I have a collection of 6-7 million event records. I have another collection of ~100,000 hourly weather records spanning the same timeframe as the event records. I am using an $aggregate pipeline with $lookup to merge in relevant weather data for each event in the event collection.

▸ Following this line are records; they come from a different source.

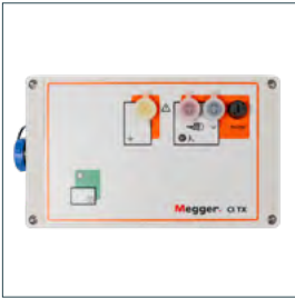
CI TX-1 – transmitter for de-energised cables
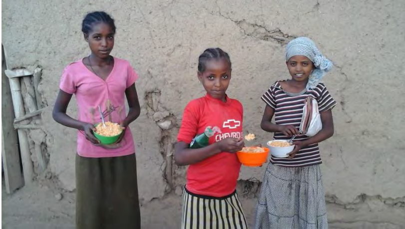
Adinsho Kori primary school students having school lunch provided through the Band Aid funded programme, Zuway Dugada district, April 2019.

The school feeding programme was successful in supporting vulnerable families who are unable to provide food and send their children to school.
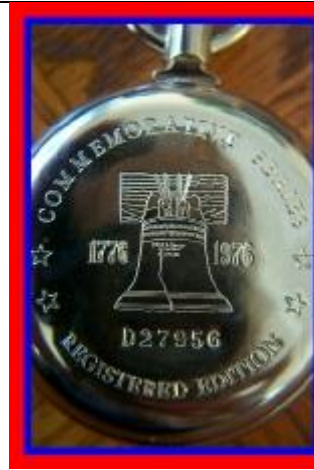
WNS-PW-6025 - Mickey Mouse 1976 Pocket Watch - Rear Case View
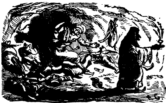
Treading with the foot of a tiger cat.

Then having mentally prepared his measures, the Raja warned a company of archers to hold themselves in readiness for secret service, and as each one of his own people returned from the robbers' cave he had him privily arrested and put to death—because the deceased, it is said, do not, like Baitals, tell tales. About nightfall, when he thought that the thieves, having finished their work of
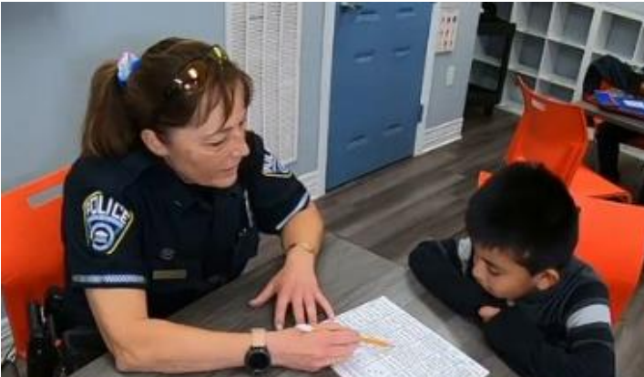
ABC 7 News highlighted the partnership between ACPD, AHC Inc., and LEC allowing sworn and civilian staff to tutor students in reading during after-school programs.
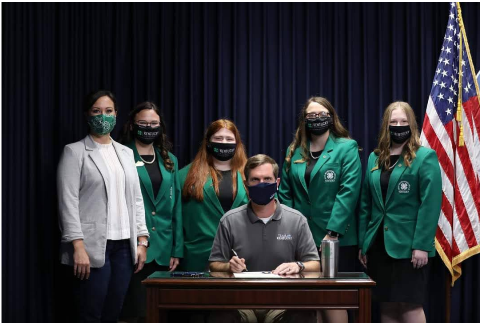
This month, we celebrated National 4-H Week! We were able to meet Governor Andy Beshear to declare this in the state of Kentucky!
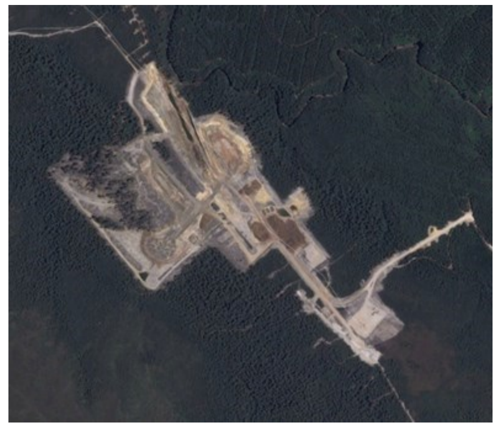
Figure 3 shows the existing mine development on site. The main features are the DSO pit and waste dumps. Other elements are the mine water treatment dams, ROM stockpile area and the facilities area.

The DSO pit is some 25% complete, with waste rock materials deposited in two dumps designated as the Non-Acid Forming ("NAF") waste rock dump and the Potentially Acid Forming ("PAF") waste rock dump.
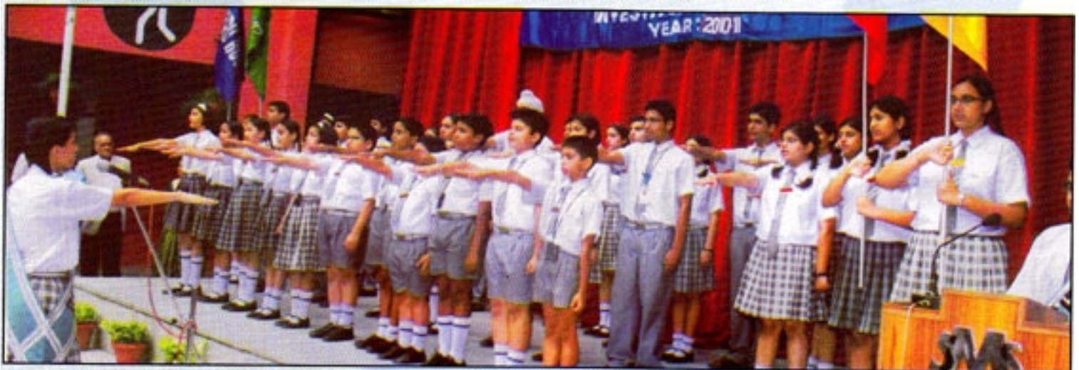
Taking a pledge

Effort and hard work constructs the bridge that connects your dreams to reality
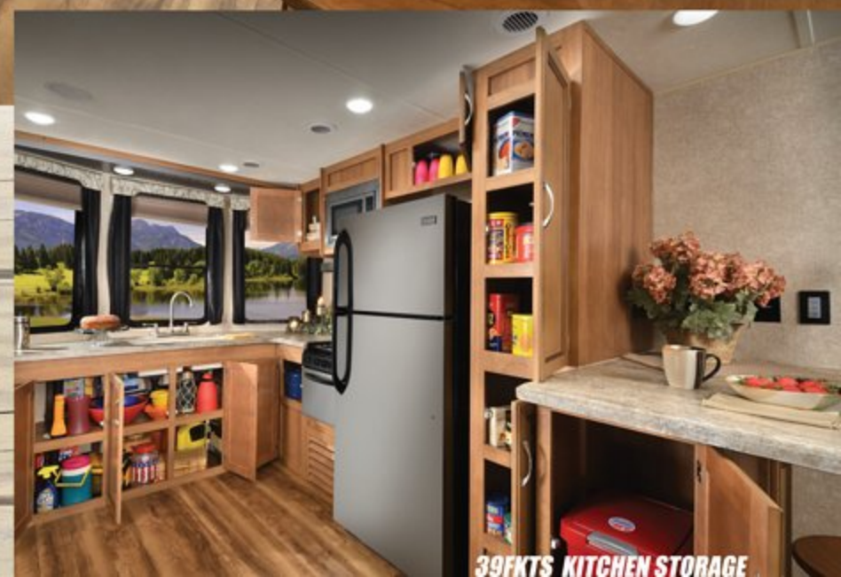
39FKTS KITCHEN STORAGE

THE PROBLEM: I have been running this on the full EVENT dataset for more than 8 HOURS, with no result. I have a deadline and I'm wondering if I will get a result...ever.
PLEASE HELP
Here is a sample event record:
{
"_id" : ObjectId("5dedae8111cd89b173b00910"),
"EventType" : "P",
"Jurisdiction" : "ABCD",
"Year" : 2006,
"JulianDay" : 91,
"CallReceipt" : ISODate("2006-04-01T00:00:37Z"),
"EventClosed" : ISODate("2006-04-01T00:05:25Z"),
"FinalType" : "EFGHI",
"EventWindowStart" : ISODate("2006-04-01T00:00:00Z"),
"EventWindowEnd" : ISODate("2006-04-01T01:00:00Z")
}
Here is a weather record:
{
"_id" : ObjectId("5dc3cd909fc78c0c78a336da"),
"DATE" : ISODate("2012-01-01T00:02:00Z"),
"REPORT_TYPE" : "FM-16",
"SOURCE" : 7,
"HourlyAltimeterSetting" : "30.06",
"HourlyDewPointTemperature" : "36",
"HourlyDryBulbTemperature" : "37",
"HourlyPresentWeatherType" : "BR:1 ||",
"HourlyRelativeHumidity" : 93,
"HourlySkyConditions" : "SCT:04 7 BKN:07 15 OVC:08 33",
"HourlyStationPressure" : "29.46",
"HourlyVisibility" : "5.00",
"HourlyWetBulbTemperature" : 37,
"HourlyWindDirection" : "260",
"HourlyWindSpeed" : 5,
"REM" : "MET10101/01/12 00:02:02 SPECI KROC 010502Z 26004KT 5SM BR SCT00
7 BKN015 OVC033 03/02 A3006 RMK AO2 RTX (MP)",
"REPORT_MODE" : "hourly"
}
Here is my code, typed directly into the mongo shell:
db.EVENTS.aggregate([
{
$lookup:
{
from: "WEATHER",
let : { start : "$EventWindowStart", end: "$EventWindowEnd"},
pipeline : [
{ $match :
{ $expr:
{ $and:
[
{$gte: ["$DATE", "$$start"]},
{$lte: ["$DATE", "$$end"]}
]
}
}
},
{$project: {
_id : 0,
HourlyDryBulbTemperature : 1,
HourlyPrecipitation : 1,
HourlyVisibility : 1,
WindSpeed: 1
}
}
],
as: "HourlyWeatherData"
}
},
{$out: "MERGED" }
])
On a small test subset I get the desired output. So the code works, as far as I can tell...
Sample output:
{
"_id" : ObjectId("5dedae8111cd89b173b00910"),
"EventType" : "P",
"Jurisdiction" : "ABCD",
"Year" : 2006,
"JulianDay" : 91,
"CallReceipt" : ISODate("2006-04-01T00:00:37Z"),
"EventClosed" : ISODate("2006-04-01T00:05:25Z"),
"FinalType" : "EFGHI",
"EventWindowStart" : ISODate("2006-04-01T00:00:00Z"),
"EventWindowEnd" : ISODate("2006-04-01T01:00:00Z"),
"HourlyWeatherData" : [
{
"HourlyDryBulbTemperature" : "59",
"HourlyPrecipitation" : "0.00",
"HourlyVisibility" : "10.00"
},
{
"HourlyDryBulbTemperature" : "59",
"HourlyVisibility" : "9.94"
}
]
}
PS: I do have ascending indexes on the event window fields in EVENTS, and an ascending and descending index on the DATE in WEATHER.